Data follows below. Repeat exactly the lines between the line holding "Spring new women's" and the line holding "Kate wore the", inclusive, and nothing more; drop pictures.

MATERIAL TO PROCESS below:

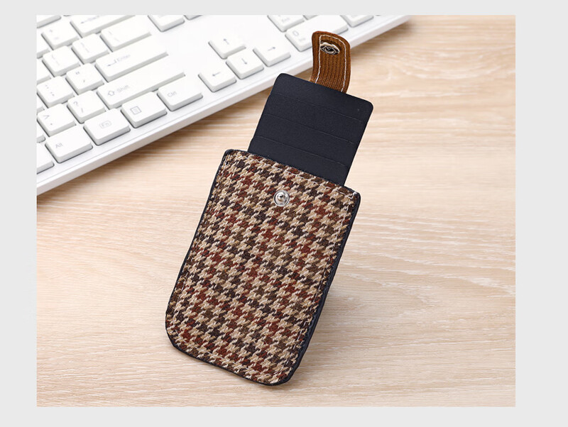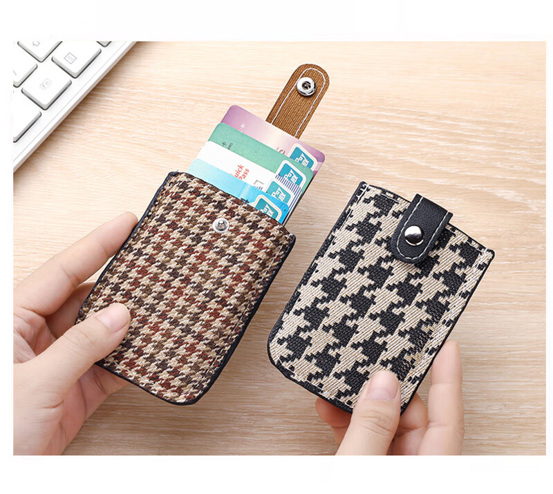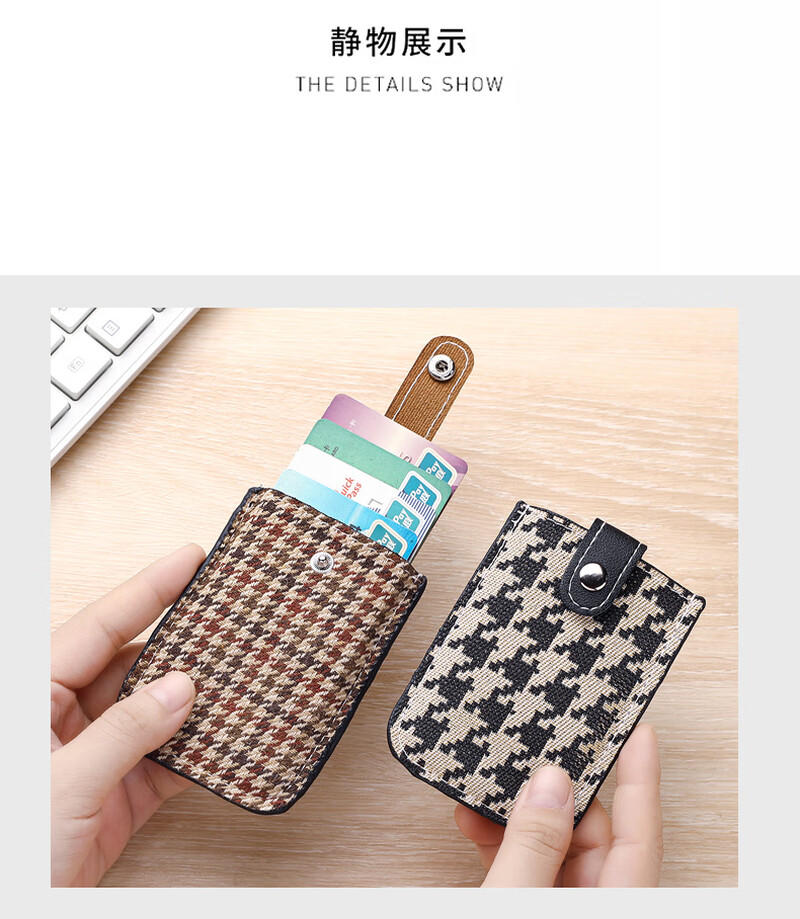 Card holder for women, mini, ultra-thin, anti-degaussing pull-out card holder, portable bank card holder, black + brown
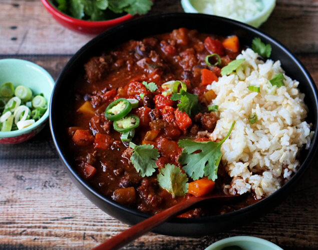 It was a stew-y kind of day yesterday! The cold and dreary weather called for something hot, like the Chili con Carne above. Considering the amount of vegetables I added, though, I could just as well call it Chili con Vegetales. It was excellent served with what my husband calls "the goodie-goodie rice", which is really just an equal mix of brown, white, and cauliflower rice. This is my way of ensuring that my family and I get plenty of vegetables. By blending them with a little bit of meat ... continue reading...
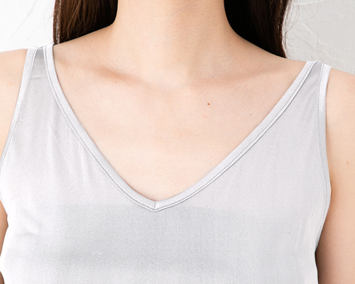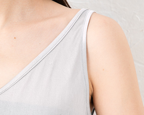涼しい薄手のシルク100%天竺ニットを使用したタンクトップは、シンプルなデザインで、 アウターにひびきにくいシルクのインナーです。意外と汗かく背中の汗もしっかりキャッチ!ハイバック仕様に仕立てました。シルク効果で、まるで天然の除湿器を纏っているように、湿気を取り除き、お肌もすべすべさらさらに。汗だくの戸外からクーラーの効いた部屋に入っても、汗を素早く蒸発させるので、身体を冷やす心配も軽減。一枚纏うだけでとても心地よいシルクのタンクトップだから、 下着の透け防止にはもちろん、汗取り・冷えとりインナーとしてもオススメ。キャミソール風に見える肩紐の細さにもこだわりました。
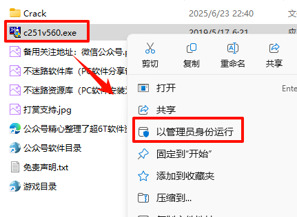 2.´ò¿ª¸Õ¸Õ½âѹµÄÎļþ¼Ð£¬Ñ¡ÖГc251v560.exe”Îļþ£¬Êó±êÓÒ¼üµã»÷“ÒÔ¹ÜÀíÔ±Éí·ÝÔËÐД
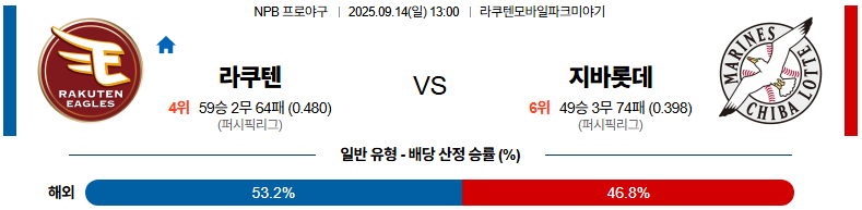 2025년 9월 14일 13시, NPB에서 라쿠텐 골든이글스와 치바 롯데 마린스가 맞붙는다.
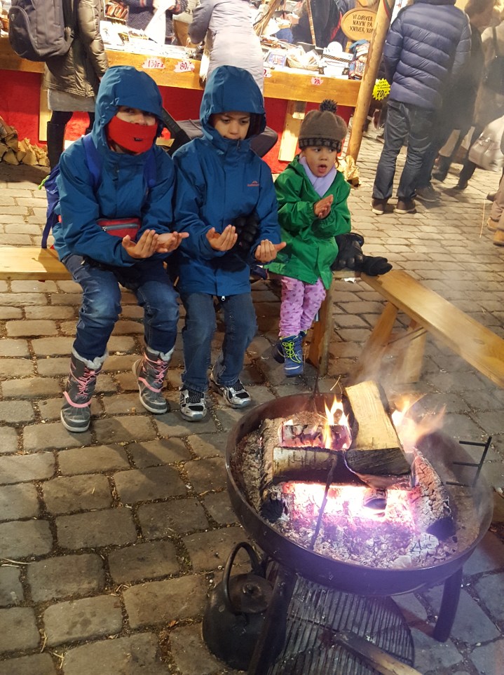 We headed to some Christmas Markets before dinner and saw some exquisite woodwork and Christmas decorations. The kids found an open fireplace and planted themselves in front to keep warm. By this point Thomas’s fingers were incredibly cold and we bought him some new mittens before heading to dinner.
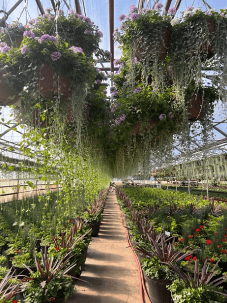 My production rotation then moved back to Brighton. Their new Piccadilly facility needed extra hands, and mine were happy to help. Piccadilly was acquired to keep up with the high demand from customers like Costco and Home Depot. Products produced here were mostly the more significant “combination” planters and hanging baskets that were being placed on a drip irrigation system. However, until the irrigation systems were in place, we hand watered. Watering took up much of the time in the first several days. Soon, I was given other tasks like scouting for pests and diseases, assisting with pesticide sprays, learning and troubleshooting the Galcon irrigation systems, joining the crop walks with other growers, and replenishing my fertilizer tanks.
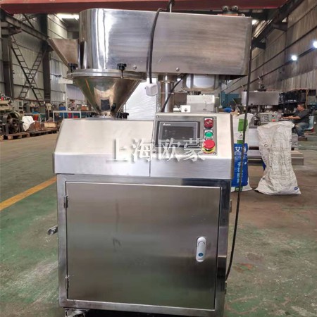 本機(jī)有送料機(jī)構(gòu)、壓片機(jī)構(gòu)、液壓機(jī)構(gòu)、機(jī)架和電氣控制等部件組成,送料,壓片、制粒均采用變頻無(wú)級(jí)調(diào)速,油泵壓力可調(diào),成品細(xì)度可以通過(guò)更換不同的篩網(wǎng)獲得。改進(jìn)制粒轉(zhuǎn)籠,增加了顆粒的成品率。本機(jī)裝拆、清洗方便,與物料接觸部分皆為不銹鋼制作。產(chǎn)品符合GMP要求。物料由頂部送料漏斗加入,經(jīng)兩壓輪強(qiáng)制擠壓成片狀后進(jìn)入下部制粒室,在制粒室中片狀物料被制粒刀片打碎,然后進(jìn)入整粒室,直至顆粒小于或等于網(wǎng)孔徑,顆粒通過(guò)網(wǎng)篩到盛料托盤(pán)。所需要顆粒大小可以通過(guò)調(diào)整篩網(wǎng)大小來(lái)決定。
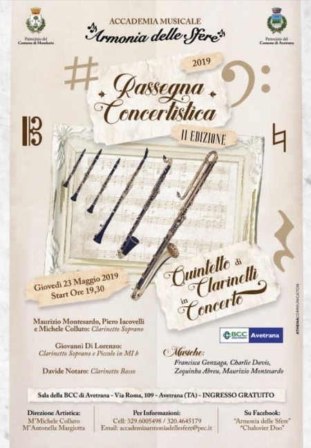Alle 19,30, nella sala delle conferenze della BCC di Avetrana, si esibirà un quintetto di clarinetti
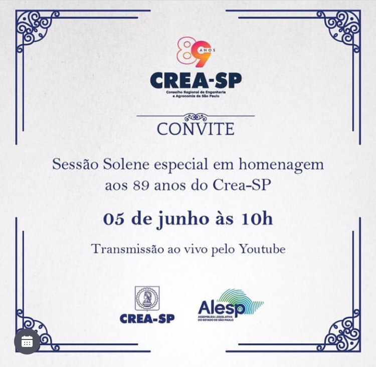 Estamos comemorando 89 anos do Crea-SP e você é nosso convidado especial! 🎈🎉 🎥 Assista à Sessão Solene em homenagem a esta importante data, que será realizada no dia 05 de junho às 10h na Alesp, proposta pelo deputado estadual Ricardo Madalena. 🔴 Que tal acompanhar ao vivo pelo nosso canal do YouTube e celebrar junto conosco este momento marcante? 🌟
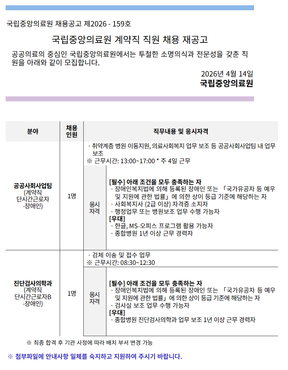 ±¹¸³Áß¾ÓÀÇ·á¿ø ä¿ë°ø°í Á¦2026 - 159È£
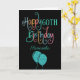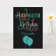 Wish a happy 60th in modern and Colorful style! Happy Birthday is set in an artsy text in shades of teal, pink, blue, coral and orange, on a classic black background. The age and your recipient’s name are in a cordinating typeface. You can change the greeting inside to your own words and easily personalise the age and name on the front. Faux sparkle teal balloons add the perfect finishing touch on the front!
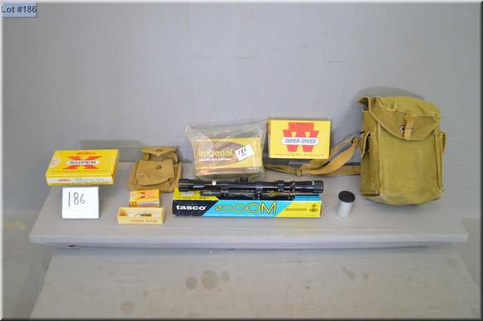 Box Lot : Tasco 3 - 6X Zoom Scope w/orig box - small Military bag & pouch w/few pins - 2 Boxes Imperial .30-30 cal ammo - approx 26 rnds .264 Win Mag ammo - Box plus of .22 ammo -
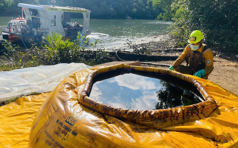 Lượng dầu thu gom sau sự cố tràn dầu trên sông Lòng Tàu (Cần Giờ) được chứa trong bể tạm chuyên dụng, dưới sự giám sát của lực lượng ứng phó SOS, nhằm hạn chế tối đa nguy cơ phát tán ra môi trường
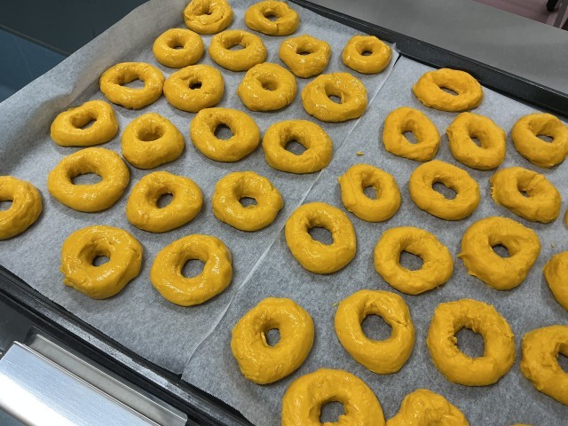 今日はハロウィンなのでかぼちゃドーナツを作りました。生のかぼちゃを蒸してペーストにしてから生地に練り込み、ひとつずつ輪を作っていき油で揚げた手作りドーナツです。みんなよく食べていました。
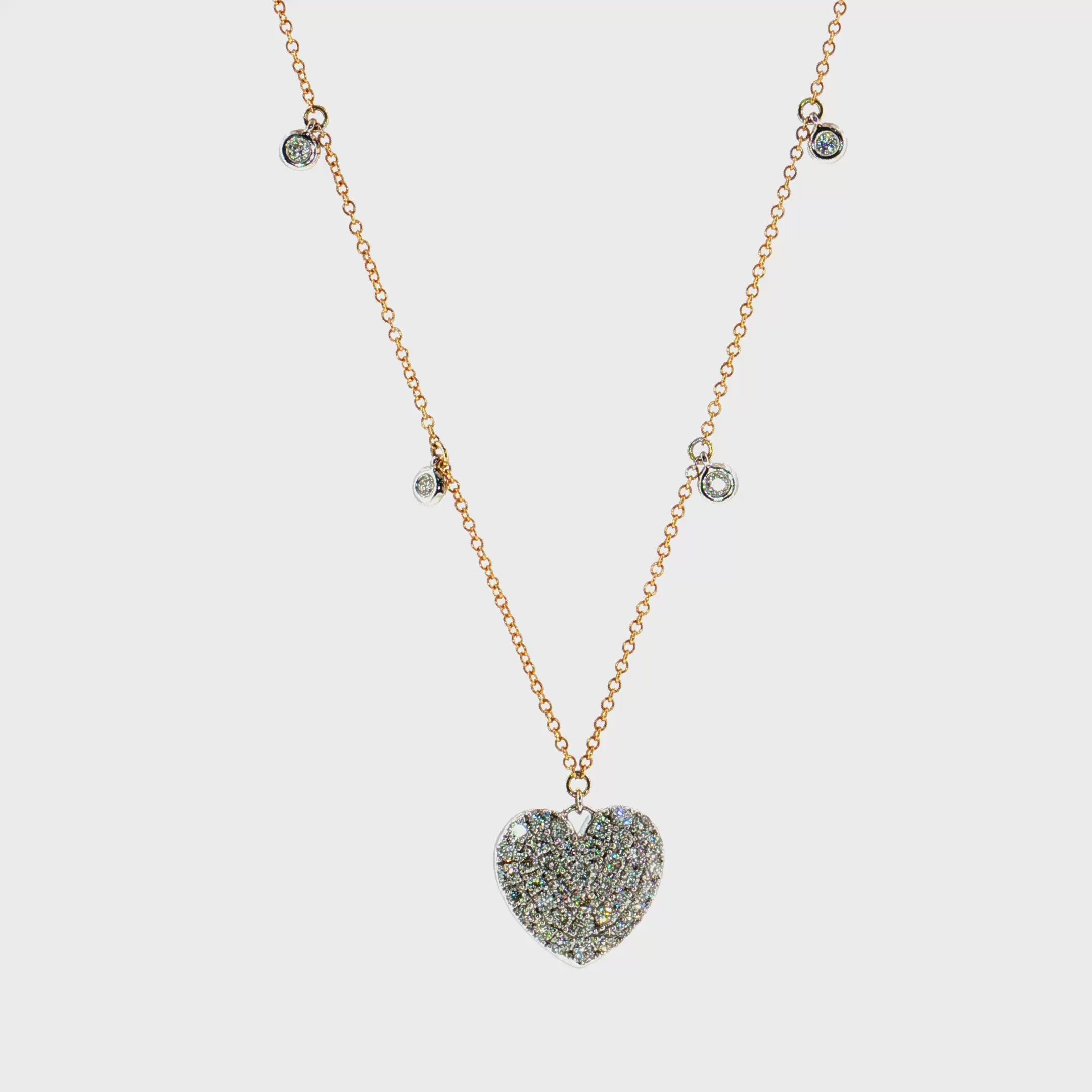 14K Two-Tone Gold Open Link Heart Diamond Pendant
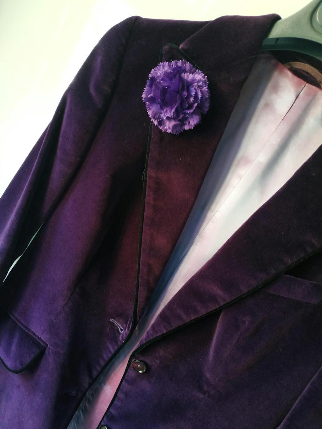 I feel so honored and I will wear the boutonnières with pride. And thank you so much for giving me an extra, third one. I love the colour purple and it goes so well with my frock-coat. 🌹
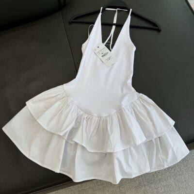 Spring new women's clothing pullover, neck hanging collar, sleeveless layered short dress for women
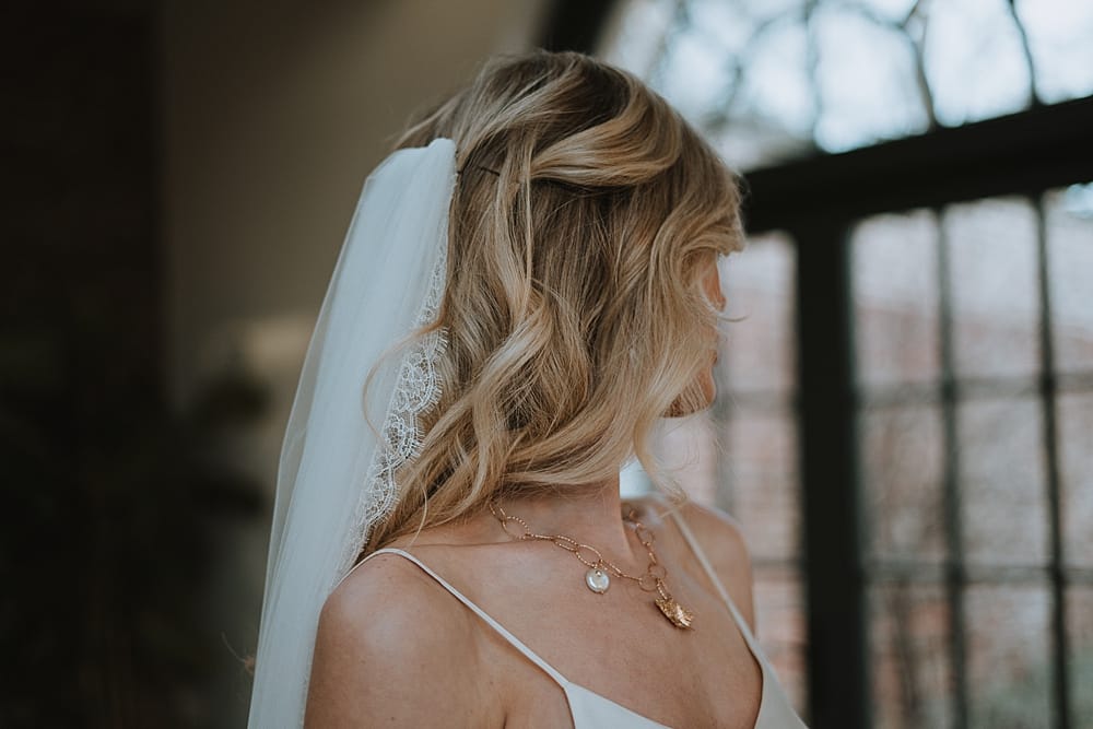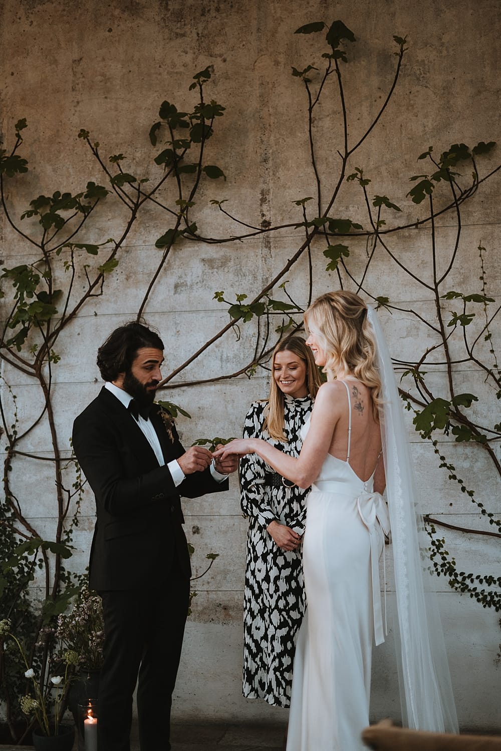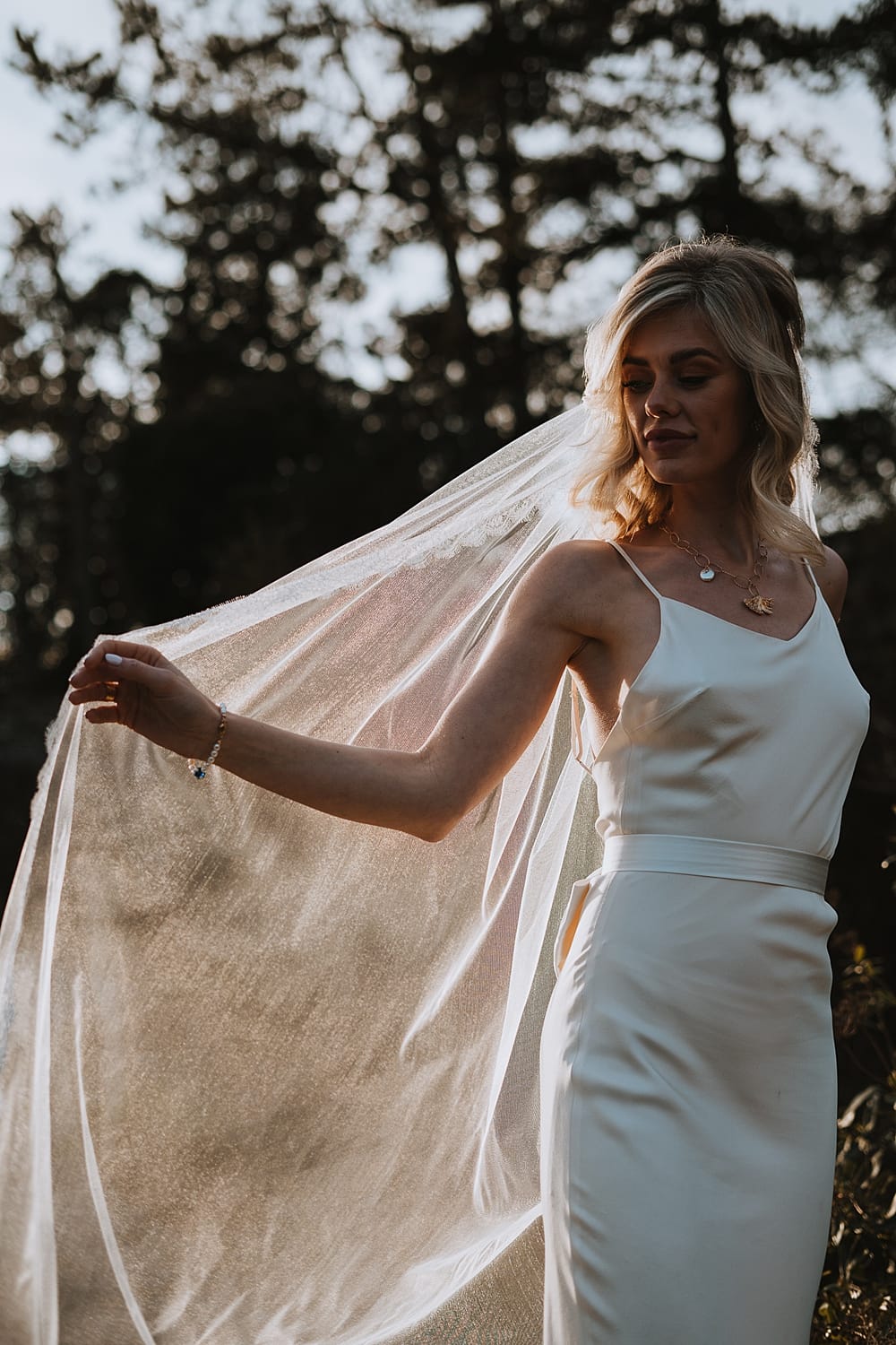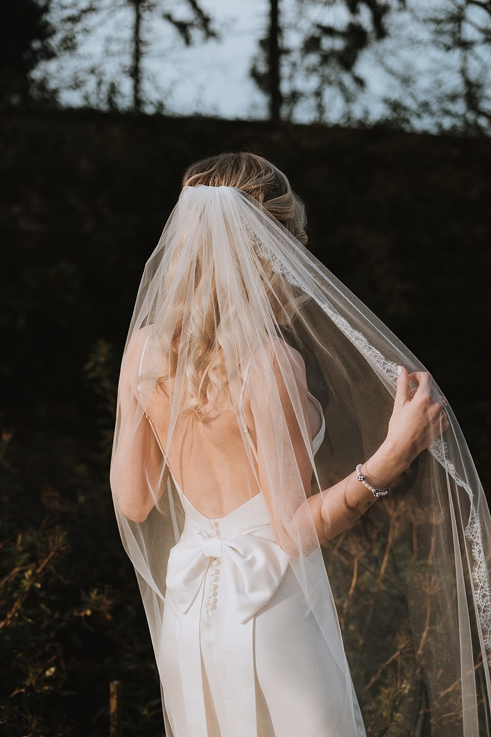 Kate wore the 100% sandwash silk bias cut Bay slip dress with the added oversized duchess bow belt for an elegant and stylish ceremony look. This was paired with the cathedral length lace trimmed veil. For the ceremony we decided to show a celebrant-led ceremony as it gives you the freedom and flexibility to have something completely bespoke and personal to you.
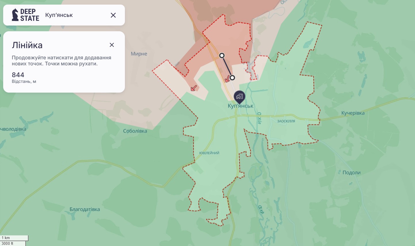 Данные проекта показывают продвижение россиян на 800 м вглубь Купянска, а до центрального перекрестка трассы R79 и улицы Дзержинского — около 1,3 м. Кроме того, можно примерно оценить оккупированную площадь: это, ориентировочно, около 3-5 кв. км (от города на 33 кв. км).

End of MATERIAL TO PROCESS.

_EXPECTED ANSWER_:
 Spring new women's clothing pullover, neck hanging collar, sleeveless layered short dress for women
 Kate wore the 100% sandwash silk bias cut Bay slip dress with the added oversized duchess bow belt for an elegant and stylish ceremony look. This was paired with the cathedral length lace trimmed veil. For the ceremony we decided to show a celebrant-led ceremony as it gives you the freedom and flexibility to have something completely bespoke and personal to you.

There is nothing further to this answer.